[[ RECORDS FOR THIS EXERCISE open ]]

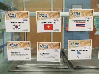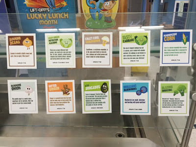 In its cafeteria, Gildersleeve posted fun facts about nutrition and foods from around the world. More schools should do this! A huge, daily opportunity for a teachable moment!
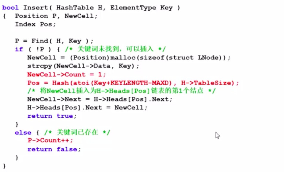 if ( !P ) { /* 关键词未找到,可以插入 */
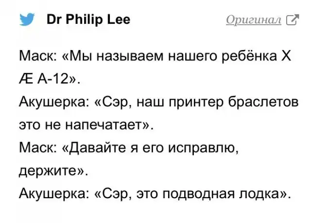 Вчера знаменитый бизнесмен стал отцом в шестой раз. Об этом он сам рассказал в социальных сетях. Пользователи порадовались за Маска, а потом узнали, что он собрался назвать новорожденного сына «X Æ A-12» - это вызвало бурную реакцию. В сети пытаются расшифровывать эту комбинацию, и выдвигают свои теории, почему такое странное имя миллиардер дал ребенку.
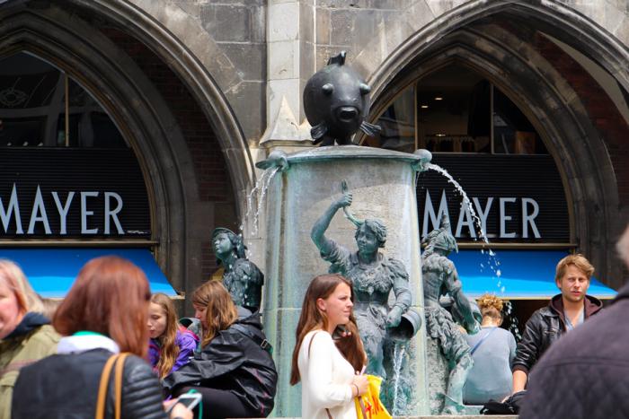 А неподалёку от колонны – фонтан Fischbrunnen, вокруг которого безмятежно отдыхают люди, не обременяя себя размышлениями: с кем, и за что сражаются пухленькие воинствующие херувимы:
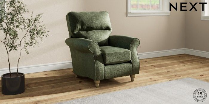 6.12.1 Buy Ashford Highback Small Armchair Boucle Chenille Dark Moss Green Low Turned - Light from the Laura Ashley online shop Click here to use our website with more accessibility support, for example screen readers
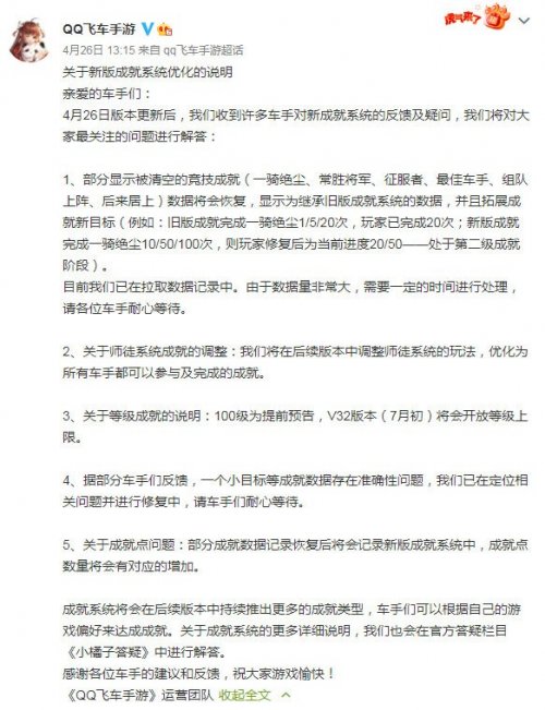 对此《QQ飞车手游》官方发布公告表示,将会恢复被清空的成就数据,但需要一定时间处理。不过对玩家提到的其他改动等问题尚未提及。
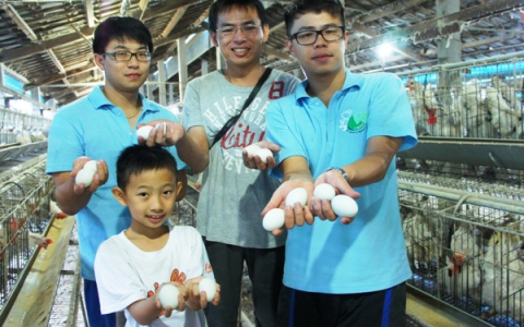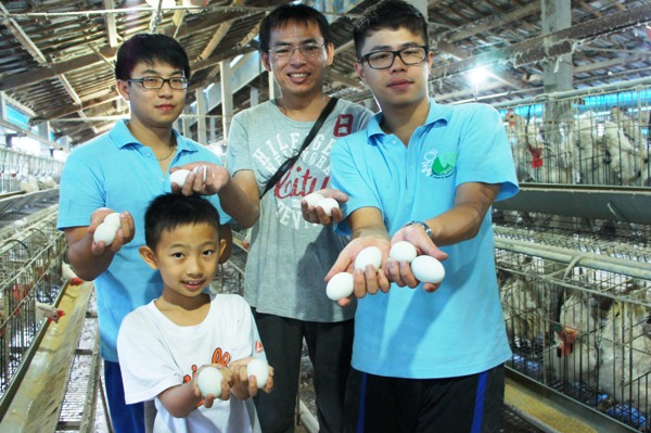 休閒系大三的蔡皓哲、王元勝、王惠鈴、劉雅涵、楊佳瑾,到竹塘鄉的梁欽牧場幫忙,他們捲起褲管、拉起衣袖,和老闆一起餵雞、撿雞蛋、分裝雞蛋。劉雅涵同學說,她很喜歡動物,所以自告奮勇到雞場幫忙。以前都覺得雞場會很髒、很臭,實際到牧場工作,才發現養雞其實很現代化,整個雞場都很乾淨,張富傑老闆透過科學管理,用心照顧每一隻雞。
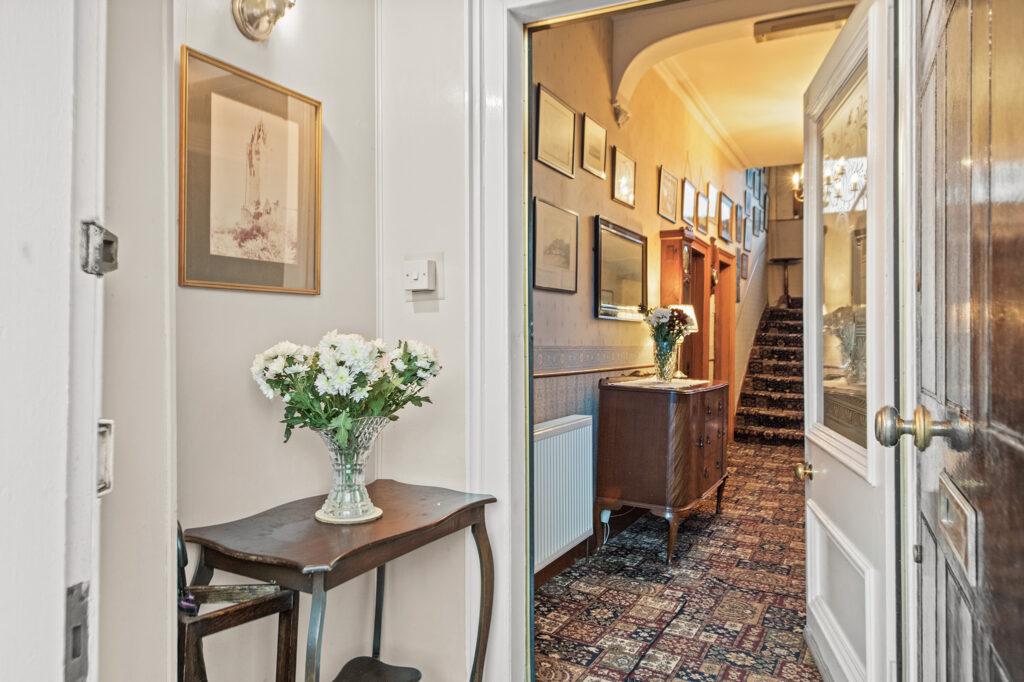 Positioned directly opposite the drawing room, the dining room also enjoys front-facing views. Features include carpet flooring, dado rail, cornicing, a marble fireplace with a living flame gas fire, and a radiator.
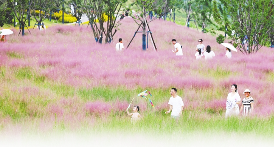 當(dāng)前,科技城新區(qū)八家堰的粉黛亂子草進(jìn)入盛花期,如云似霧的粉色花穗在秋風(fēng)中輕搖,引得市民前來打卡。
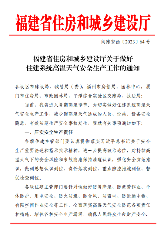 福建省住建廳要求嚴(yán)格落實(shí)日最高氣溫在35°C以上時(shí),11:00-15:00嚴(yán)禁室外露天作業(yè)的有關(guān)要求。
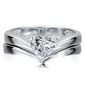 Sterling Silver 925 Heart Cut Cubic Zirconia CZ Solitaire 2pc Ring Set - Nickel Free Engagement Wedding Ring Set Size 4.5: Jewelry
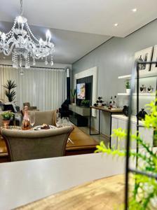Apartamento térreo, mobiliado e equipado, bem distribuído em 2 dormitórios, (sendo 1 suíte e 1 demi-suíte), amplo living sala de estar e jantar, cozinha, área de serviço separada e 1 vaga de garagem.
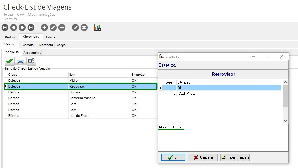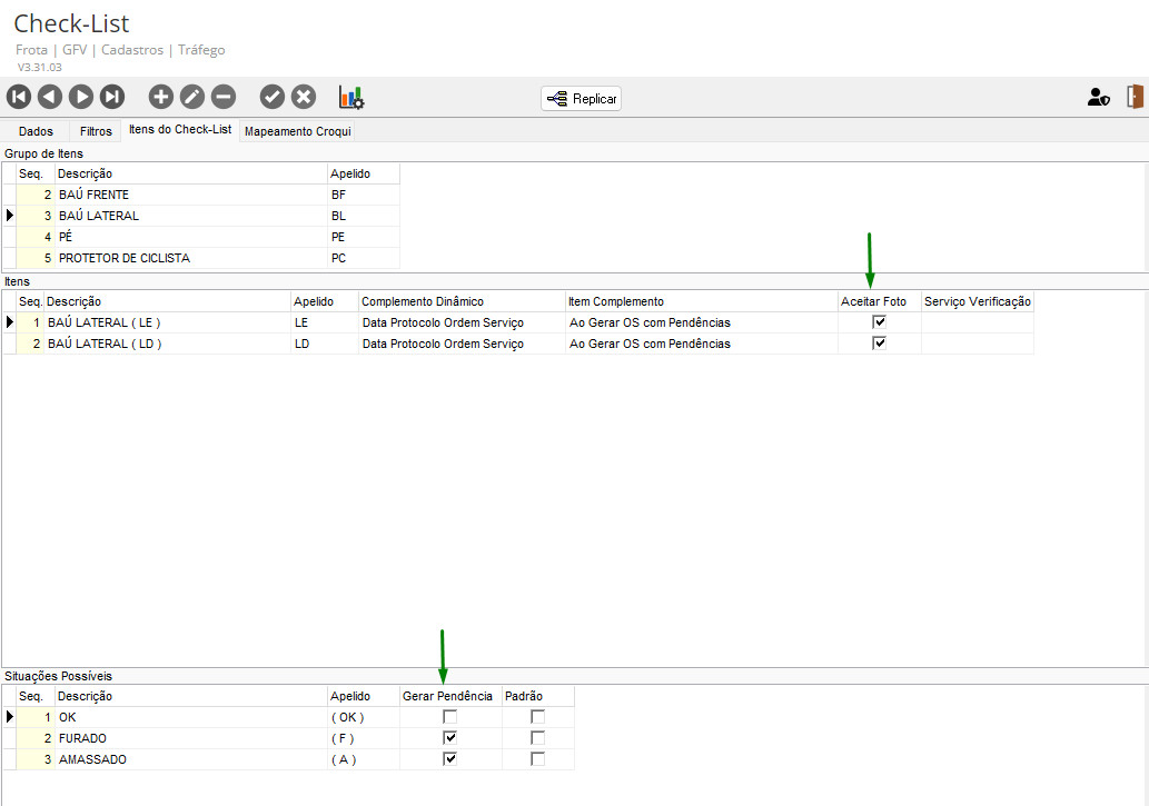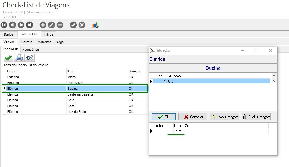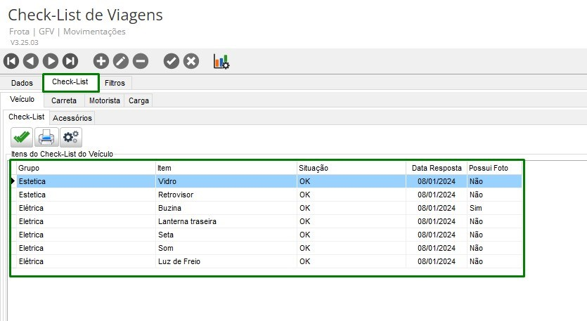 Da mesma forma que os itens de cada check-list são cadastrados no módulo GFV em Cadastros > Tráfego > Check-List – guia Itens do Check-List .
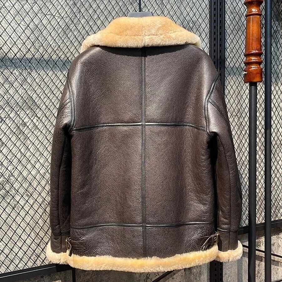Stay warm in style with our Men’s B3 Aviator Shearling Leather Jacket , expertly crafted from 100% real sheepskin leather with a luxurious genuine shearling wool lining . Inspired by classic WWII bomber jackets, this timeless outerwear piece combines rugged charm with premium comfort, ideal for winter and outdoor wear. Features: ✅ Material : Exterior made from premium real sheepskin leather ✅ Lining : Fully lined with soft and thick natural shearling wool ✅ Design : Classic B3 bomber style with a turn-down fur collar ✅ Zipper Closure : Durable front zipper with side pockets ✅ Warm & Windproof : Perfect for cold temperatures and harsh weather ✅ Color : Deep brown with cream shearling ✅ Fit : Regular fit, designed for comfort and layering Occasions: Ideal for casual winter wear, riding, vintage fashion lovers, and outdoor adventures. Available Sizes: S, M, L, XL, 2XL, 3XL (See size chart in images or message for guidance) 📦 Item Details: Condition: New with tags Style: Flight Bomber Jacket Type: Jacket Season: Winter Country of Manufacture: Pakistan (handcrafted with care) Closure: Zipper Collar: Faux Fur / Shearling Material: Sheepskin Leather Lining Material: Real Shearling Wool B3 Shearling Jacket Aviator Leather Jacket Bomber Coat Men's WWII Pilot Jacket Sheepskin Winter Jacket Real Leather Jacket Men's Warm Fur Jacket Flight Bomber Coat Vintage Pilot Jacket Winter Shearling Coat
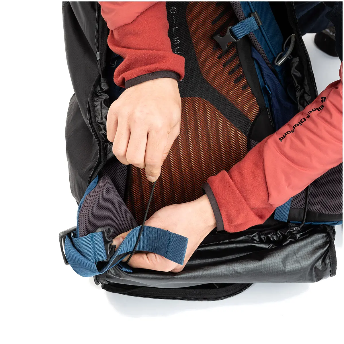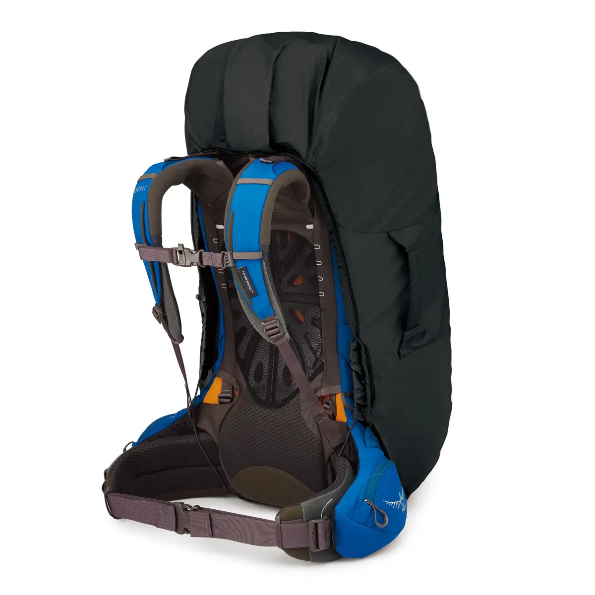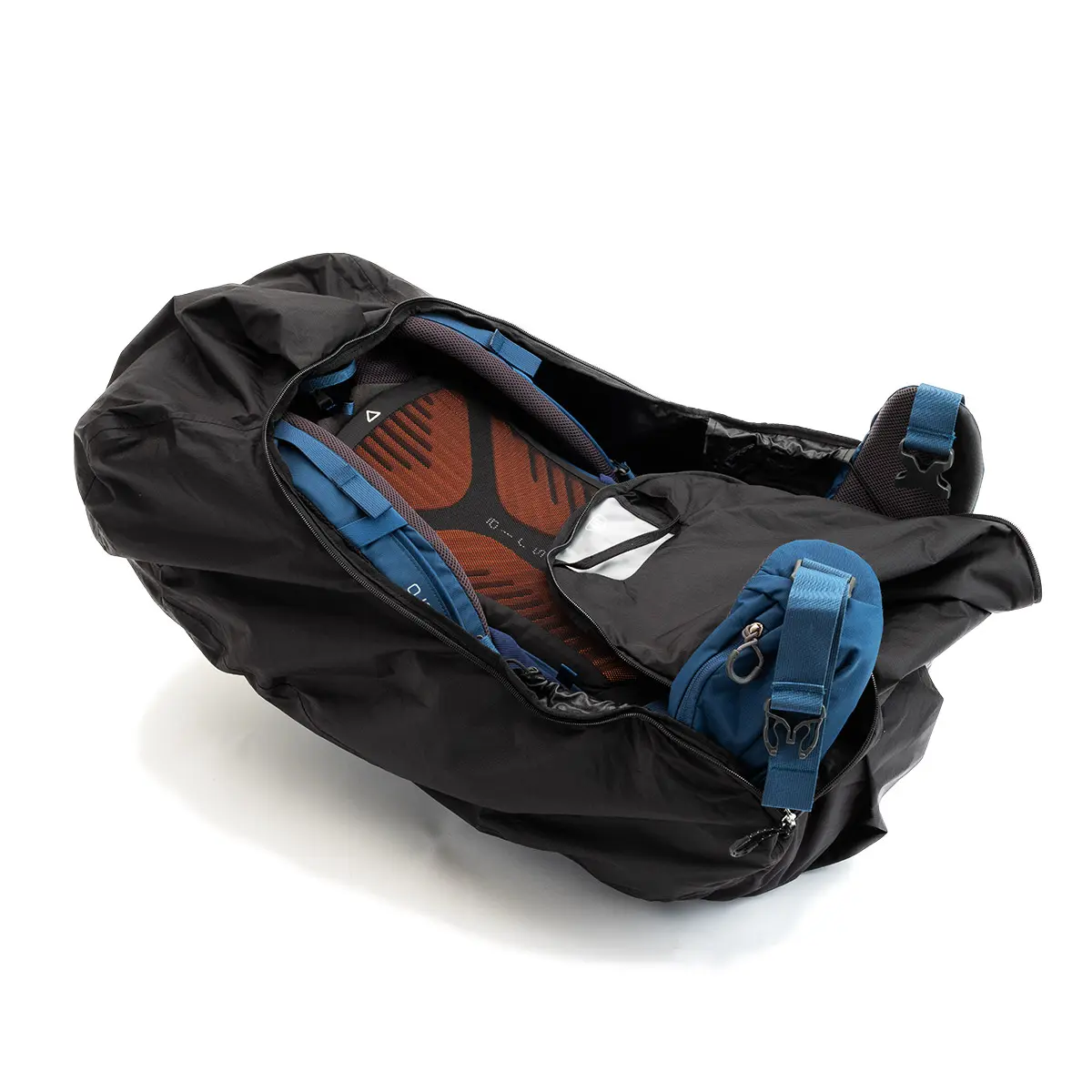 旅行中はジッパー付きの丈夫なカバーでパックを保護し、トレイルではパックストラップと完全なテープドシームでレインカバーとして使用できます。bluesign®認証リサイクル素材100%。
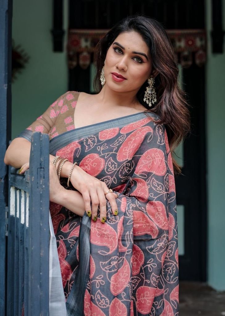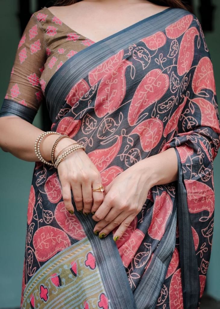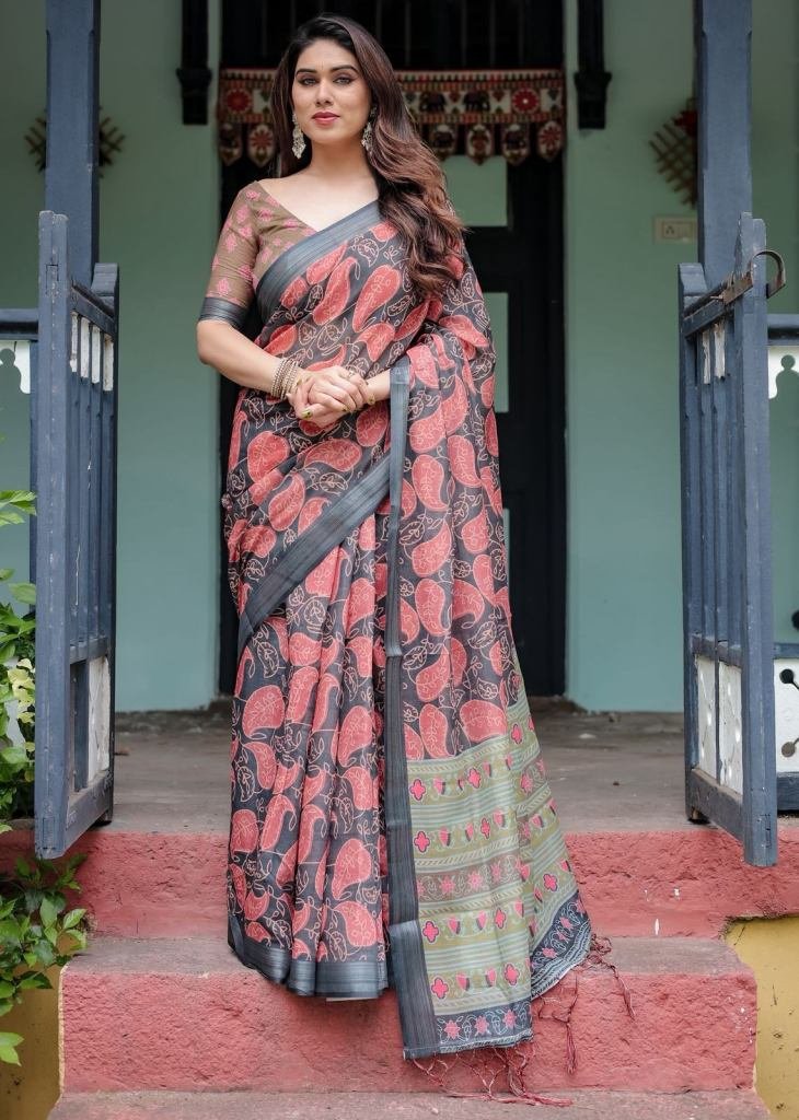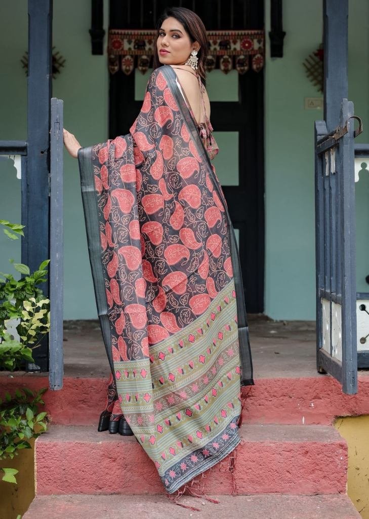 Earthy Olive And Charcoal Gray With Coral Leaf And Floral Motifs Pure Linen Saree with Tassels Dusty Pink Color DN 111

[[ RECORDS FOR THIS EXERCISE closed ]]

◆ TASK INSTRUCTIONS ◆
The copy should hold exactly the lines above from the one with "6.12.1 Buy Ashford" through the one with "Da mesma forma", both ends counted, and no pictures at all.

◆ EXERCISE RESULT ◆
 6.12.1 Buy Ashford Highback Small Armchair Boucle Chenille Dark Moss Green Low Turned - Light from the Laura Ashley online shop Click here to use our website with more accessibility support, for example screen readers
 对此《QQ飞车手游》官方发布公告表示,将会恢复被清空的成就数据,但需要一定时间处理。不过对玩家提到的其他改动等问题尚未提及。
 休閒系大三的蔡皓哲、王元勝、王惠鈴、劉雅涵、楊佳瑾,到竹塘鄉的梁欽牧場幫忙,他們捲起褲管、拉起衣袖,和老闆一起餵雞、撿雞蛋、分裝雞蛋。劉雅涵同學說,她很喜歡動物,所以自告奮勇到雞場幫忙。以前都覺得雞場會很髒、很臭,實際到牧場工作,才發現養雞其實很現代化,整個雞場都很乾淨,張富傑老闆透過科學管理,用心照顧每一隻雞。
 Positioned directly opposite the drawing room, the dining room also enjoys front-facing views. Features include carpet flooring, dado rail, cornicing, a marble fireplace with a living flame gas fire, and a radiator.
 當(dāng)前,科技城新區(qū)八家堰的粉黛亂子草進(jìn)入盛花期,如云似霧的粉色花穗在秋風(fēng)中輕搖,引得市民前來打卡。
 福建省住建廳要求嚴(yán)格落實(shí)日最高氣溫在35°C以上時(shí),11:00-15:00嚴(yán)禁室外露天作業(yè)的有關(guān)要求。
 Sterling Silver 925 Heart Cut Cubic Zirconia CZ Solitaire 2pc Ring Set - Nickel Free Engagement Wedding Ring Set Size 4.5: Jewelry
Apartamento térreo, mobiliado e equipado, bem distribuído em 2 dormitórios, (sendo 1 suíte e 1 demi-suíte), amplo living sala de estar e jantar, cozinha, área de serviço separada e 1 vaga de garagem.
 Da mesma forma que os itens de cada check-list são cadastrados no módulo GFV em Cadastros > Tráfego > Check-List – guia Itens do Check-List .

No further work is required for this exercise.